### WHAT THIS TASK INVOLVES
From the listing below, please restate exactly the lines beginning at the one with "比如,从A位置开始,逆时针方" and ending at the one with "50マナト 1996年 アゼルバイジャン", both included, and skip the pictures.

### THE INPUT
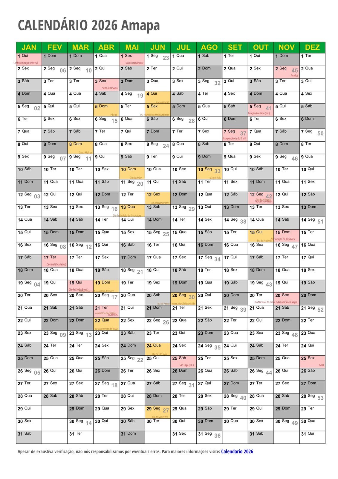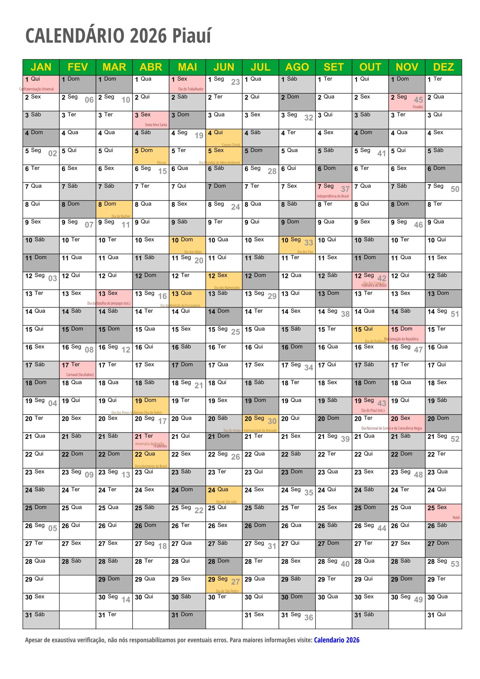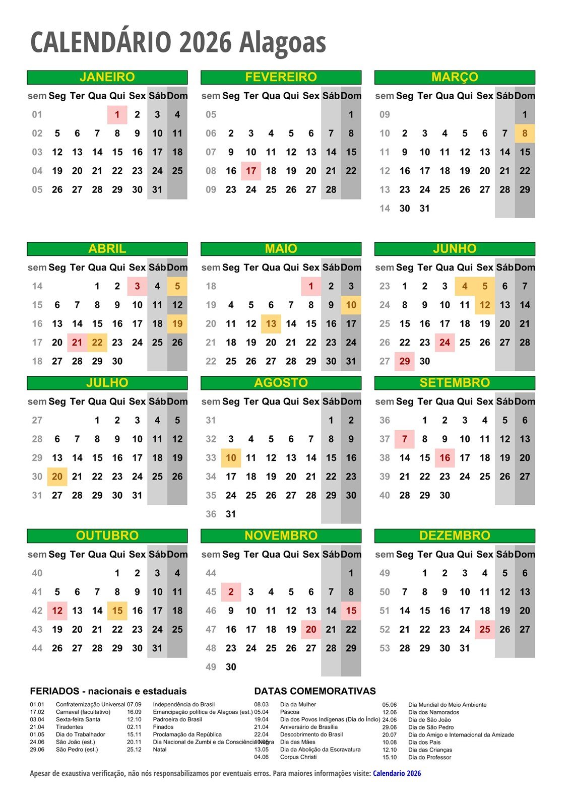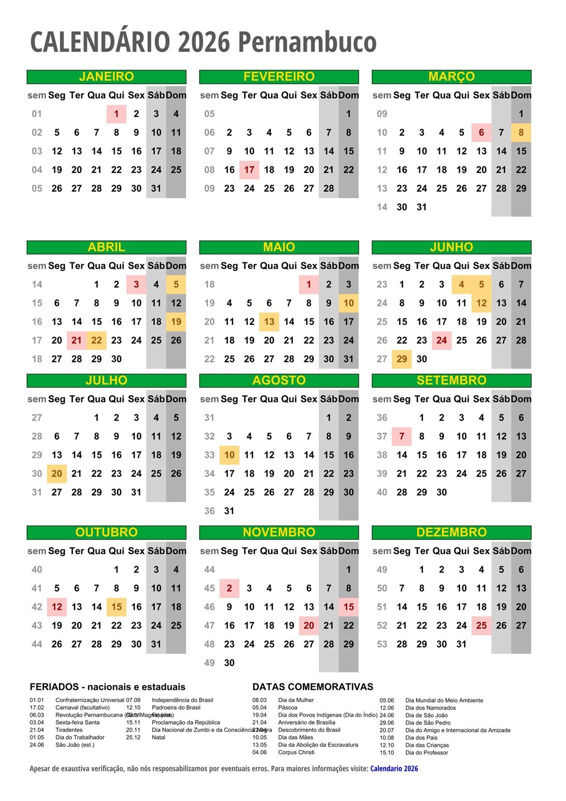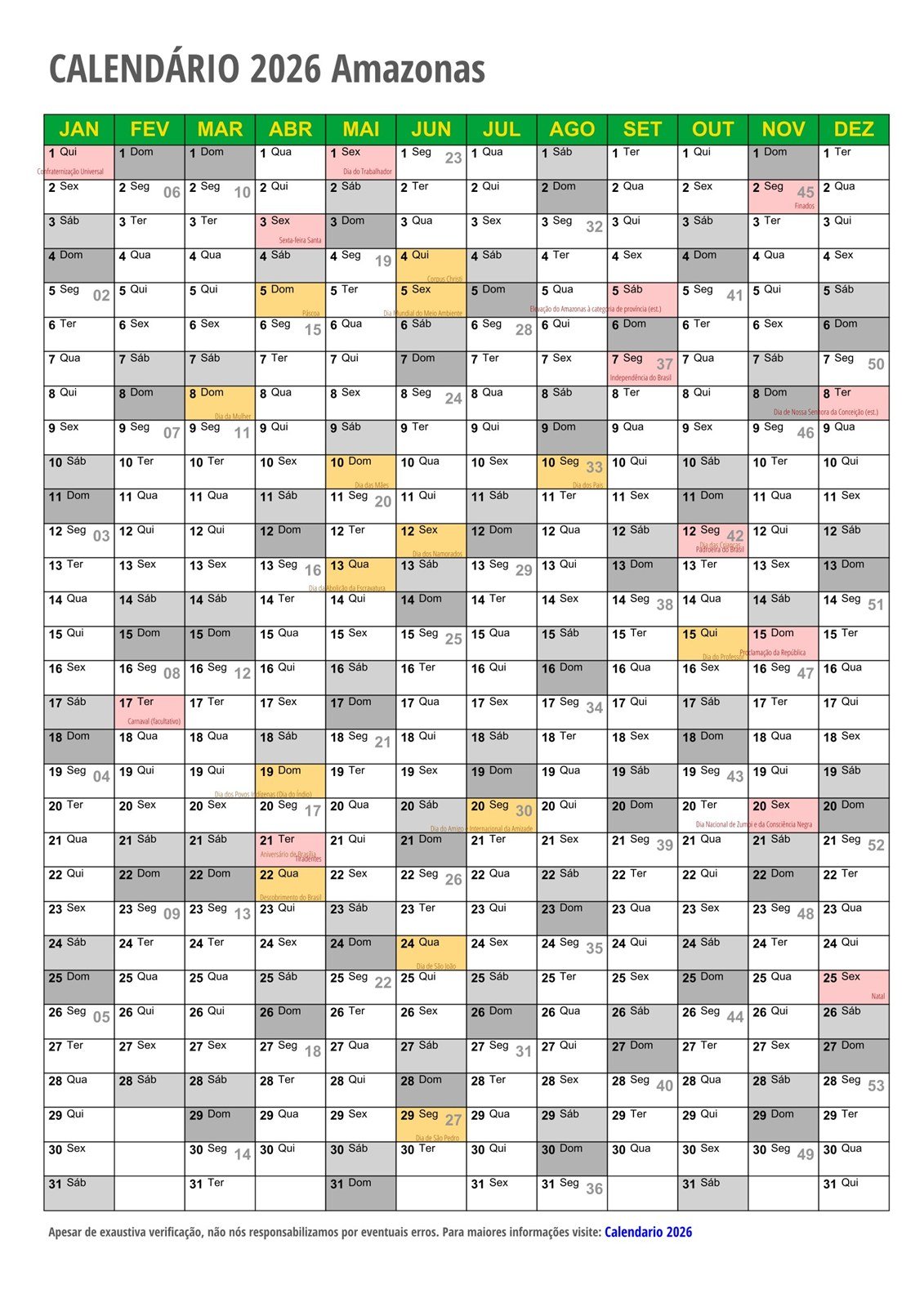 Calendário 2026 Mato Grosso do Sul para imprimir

--

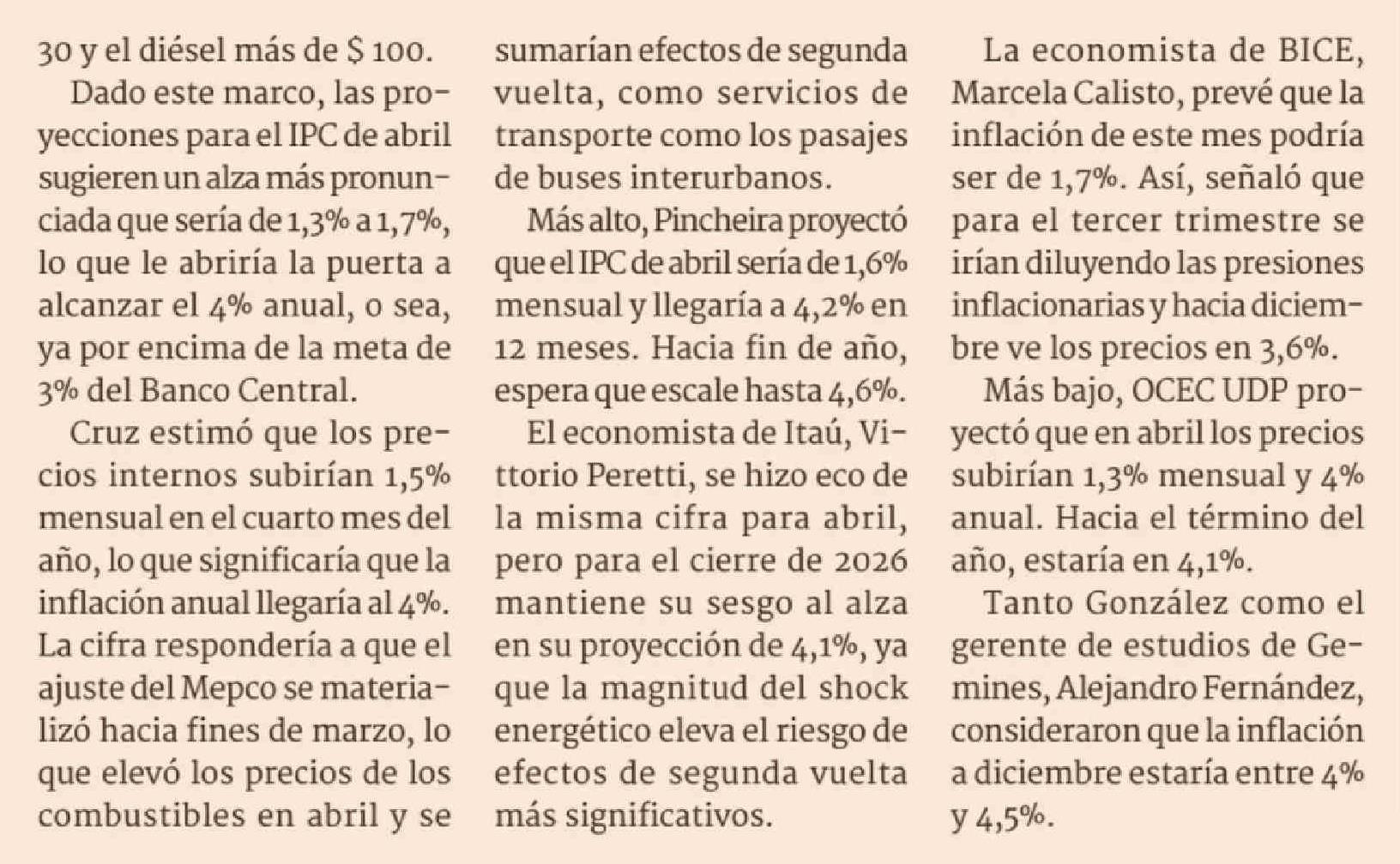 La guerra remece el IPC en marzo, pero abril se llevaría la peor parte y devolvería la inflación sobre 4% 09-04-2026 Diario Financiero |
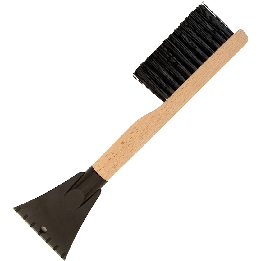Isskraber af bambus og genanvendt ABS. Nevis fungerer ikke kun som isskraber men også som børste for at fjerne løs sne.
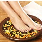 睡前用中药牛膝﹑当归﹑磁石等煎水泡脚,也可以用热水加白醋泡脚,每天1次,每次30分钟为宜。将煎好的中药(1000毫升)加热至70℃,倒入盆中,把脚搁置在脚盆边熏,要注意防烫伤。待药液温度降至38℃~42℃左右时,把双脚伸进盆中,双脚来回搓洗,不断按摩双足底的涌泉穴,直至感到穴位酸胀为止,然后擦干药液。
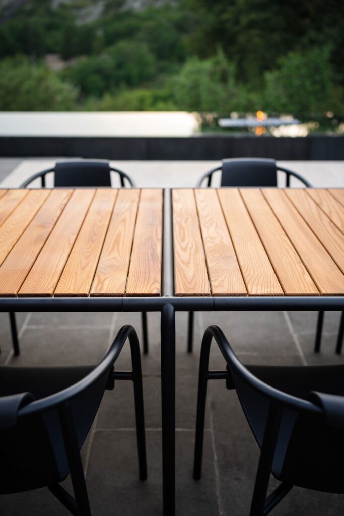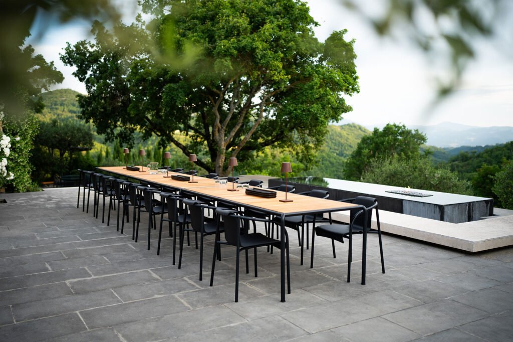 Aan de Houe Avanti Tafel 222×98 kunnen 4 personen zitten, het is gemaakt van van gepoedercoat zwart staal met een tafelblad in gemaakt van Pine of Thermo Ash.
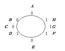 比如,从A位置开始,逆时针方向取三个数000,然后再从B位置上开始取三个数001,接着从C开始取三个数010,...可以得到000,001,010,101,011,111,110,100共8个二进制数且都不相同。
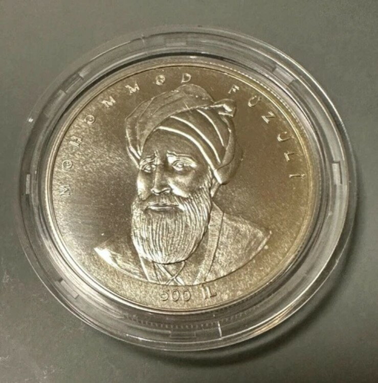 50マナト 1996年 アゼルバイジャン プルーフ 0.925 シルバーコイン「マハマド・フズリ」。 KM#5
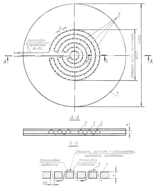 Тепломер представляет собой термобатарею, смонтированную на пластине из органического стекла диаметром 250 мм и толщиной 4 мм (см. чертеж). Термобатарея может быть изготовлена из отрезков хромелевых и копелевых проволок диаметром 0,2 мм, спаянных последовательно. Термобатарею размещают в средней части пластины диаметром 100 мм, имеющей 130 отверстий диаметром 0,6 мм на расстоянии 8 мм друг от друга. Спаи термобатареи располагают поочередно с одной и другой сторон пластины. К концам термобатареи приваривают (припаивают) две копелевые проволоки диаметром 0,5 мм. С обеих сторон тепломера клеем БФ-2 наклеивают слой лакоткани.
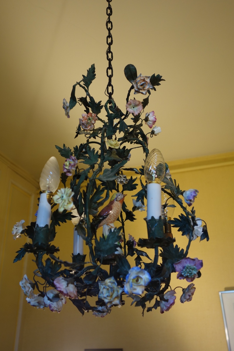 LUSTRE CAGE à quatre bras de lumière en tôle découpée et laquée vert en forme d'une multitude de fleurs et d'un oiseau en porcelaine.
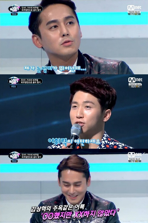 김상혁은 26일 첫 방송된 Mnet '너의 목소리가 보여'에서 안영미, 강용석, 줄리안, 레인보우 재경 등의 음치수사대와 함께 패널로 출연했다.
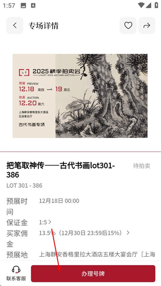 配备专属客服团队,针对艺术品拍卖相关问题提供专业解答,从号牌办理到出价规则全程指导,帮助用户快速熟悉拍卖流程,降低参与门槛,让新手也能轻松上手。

### ANSWER FOR THIS EXERCISE
 比如,从A位置开始,逆时针方向取三个数000,然后再从B位置上开始取三个数001,接着从C开始取三个数010,...可以得到000,001,010,101,011,111,110,100共8个二进制数且都不相同。
 50マナト 1996年 アゼルバイジャン プルーフ 0.925 シルバーコイン「マハマド・フズリ」。 KM#5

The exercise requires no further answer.